XR Centre, Polish Japanese Academy of Information Technology, Warsaw, Poland.
JMIR Res Protoc. 2025 May 27;14:e66067. doi: 10.2196/66067.
Rumination is a transdiagnostic process present in several psychological disorders, involving repetitive negative thinking that individuals may perceive as difficult to control. While the roles of numerous mechanisms underlying rumination have been supported, experiential avoidance (EA) still lacks empirical backing, despite a strong theoretical foundation, partly due to difficulties in examining EA in an ecologically valid context. One promising approach to addressing this challenge is through reducing EA using mobile health (mHealth) and ecological momentary intervention (EMI), and assessing any subsequent decrease in rumination's deleterious outcomes.
This paper outlines the protocol for a randomized controlled trial using a novel mHealth EMI to address EA in the context of rumination. The app was developed by a multidisciplinary team, incorporating feedback from potential end users.
Consenting individuals (target N=60) who meet the inclusion criteria (self-reporting problems with repetitive negative thinking) will be randomly assigned to 1 of 4 conditions: (1) intervention with therapist support and daily sampling, (2) intervention without support and with daily sampling, (3) partial intervention (emotion validation EMI only) with daily sampling, or (4) control (daily sampling only). The intervention consists of a series of modules delivered over 4 weeks, with assessments conducted before and after intervention, and again at 1-month follow-up (plus an additional 3-month follow-up for intervention participants). Data will be collected both through online self-report assessments and via the app itself. The potential of the EMI to modify the maladaptive feature of repetitive negative thinking will be assessed using mixed-design ANOVA, while the links between avoidance-mood and rumination-mood, in terms of the moderating effect of trial condition, will be evaluated using multilevel models. These will be assessed as primary outcomes. Secondary outcomes are the effects of a supporting therapist on postintervention outcomes in the intervention groups, and time spent using the app as a measure of engagement (analyzed using the mixed-design analysis of covariance). Compliance will be defined as completing both of the first 2 weeks of intervention content in full, and 5 out of the 6 exercises from weeks 3 and 4. Additionally, the study will control for both the amount of time spent in the app and the length of responses to open-ended questions.

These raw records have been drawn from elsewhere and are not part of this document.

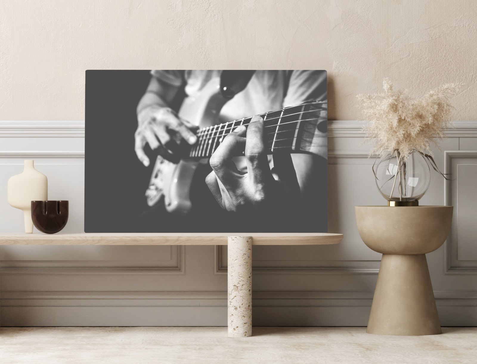 Poczuj pasję muzyki dzięki wyrazistemu monochromatycznemu zbliżeniu gitary, idealnemu dla miłośników muzyki i nowoczesnych wnętrz.WięcejMniej
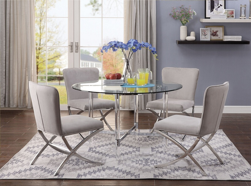 Source: Acme 71180-82 5 pc Daire chrome clear glass top acrylic legs round dining table set
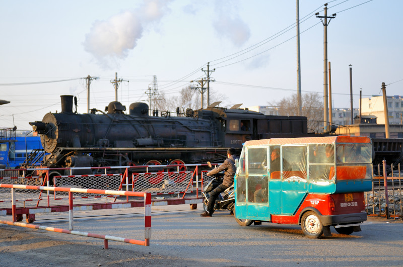 夕方、平安(Pingan)駅付近に移動です。踏切では、いろいろな車、バイク、自転車、人が行き
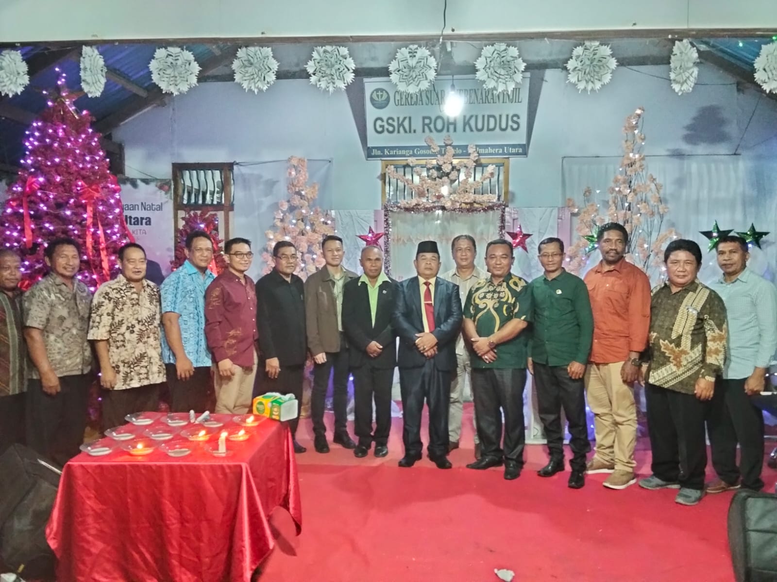 DISKOMINFOSAN - Mewakili Bupati Halmahera Utara, Staf Ahli Bupati Bidang Sumber Daya Manusia,Pendidikan dan Kemasyarakatan Setda Halmahera Utara,Drs.Wenas Rompis hadiri perayaan Natal Yesus Kristus Gereja Suara Kebenaran Injil ( GSKI) Tobelo. Selasa 2 Desember 2025 Bertempat di gedung GSKI Tobelo, desa Gosoma kecamatan Tobelo Halmahera Utara. Ibadah Perayaan Natal Yesus Kristus dengan Tema " Allah Hadir Menyelamatkan Keluarga"

Recruitment and enrollment for the trial are expected to begin in May 2025 and be completed by July 2025. Data collection will conclude once the target sample size for each of the 4 conditions has been reached. The main results of the trial are expected to be submitted for publication in October 2025.
The outcomes of this research trial will not only provide insights into the clinical capabilities of the app, including its usability and acceptability in real-world contexts (and its potential future viability as a scalable product), but will also offer valuable theoretical insights into the role of EA in maladaptive rumination.
ClinicalTrials.gov NCT06570694; https://clinicaltrials.gov/ct2/show/NCT06570694.
INTERNATIONAL REGISTERED REPORT IDENTIFIER (IRRID): PRR1-10.2196/66067.
反刍思维是一种存在于多种心理障碍中的跨诊断过程,涉及个体可能认为难以控制的重复性消极思维。虽然支持反刍思维背后众多机制的作用,但经验性回避(EA)尽管有坚实的理论基础,仍缺乏实证支持,部分原因是在生态有效情境中检验EA存在困难。应对这一挑战的一种有前景的方法是通过移动健康(mHealth)和生态瞬时干预(EMI)来减少EA,并评估反刍思维有害后果随后的减少情况。
本文概述了一项随机对照试验的方案,该试验使用一种新型的mHealth EMI来解决反刍思维背景下的EA问题。该应用程序由一个多学科团队开发,并纳入了潜在最终用户的反馈。
符合纳入标准(自我报告存在重复性消极思维问题)的同意参与个体(目标样本量N = 60)将被随机分配到4种条件中的一种:(1)有治疗师支持和每日抽样的干预组,(2)无支持但有每日抽样的干预组,(3)仅进行部分干预(仅情绪验证EMI)且有每日抽样的组,或(4)对照组(仅每日抽样)。干预包括在4周内提供的一系列模块,在干预前后以及1个月随访时进行评估(干预参与者还将进行额外的3个月随访)。数据将通过在线自我报告评估和应用程序本身收集。将使用混合设计方差分析评估EMI改变重复性消极思维适应不良特征的潜力,同时使用多层次模型评估回避 - 情绪和反刍 - 情绪之间的联系,以及试验条件的调节作用。这些将作为主要结果进行评估。次要结果是支持性治疗师对干预组干预后结果的影响,以及使用应用程序的时间作为参与度的衡量指标(使用混合设计协方差分析进行分析)。依从性将定义为完全完成干预内容的前两周,以及第3周和第4周6项练习中的5项。此外,该研究将控制在应用程序中花费的时间以及对开放式问题的回答长度。
预计该试验的招募和入组将于2025年5月开始,并于2025年7月完成。一旦达到4种条件中每种条件的目标样本量,数据收集将结束。预计该试验的主要结果将于2025年10月提交发表。
这项研究试验的结果不仅将提供对该应用程序临床能力的见解,包括其在现实世界情境中的可用性和可接受性(以及其作为可扩展产品未来的潜在可行性),还将为EA在适应不良反刍思维中的作用提供有价值的理论见解。
ClinicalTrials.gov NCT06570694;https://clinicaltrials.gov/ct2/show/NCT06570694。
国际注册报告识别号(IRRID):PRR1 - 10.2196/66067。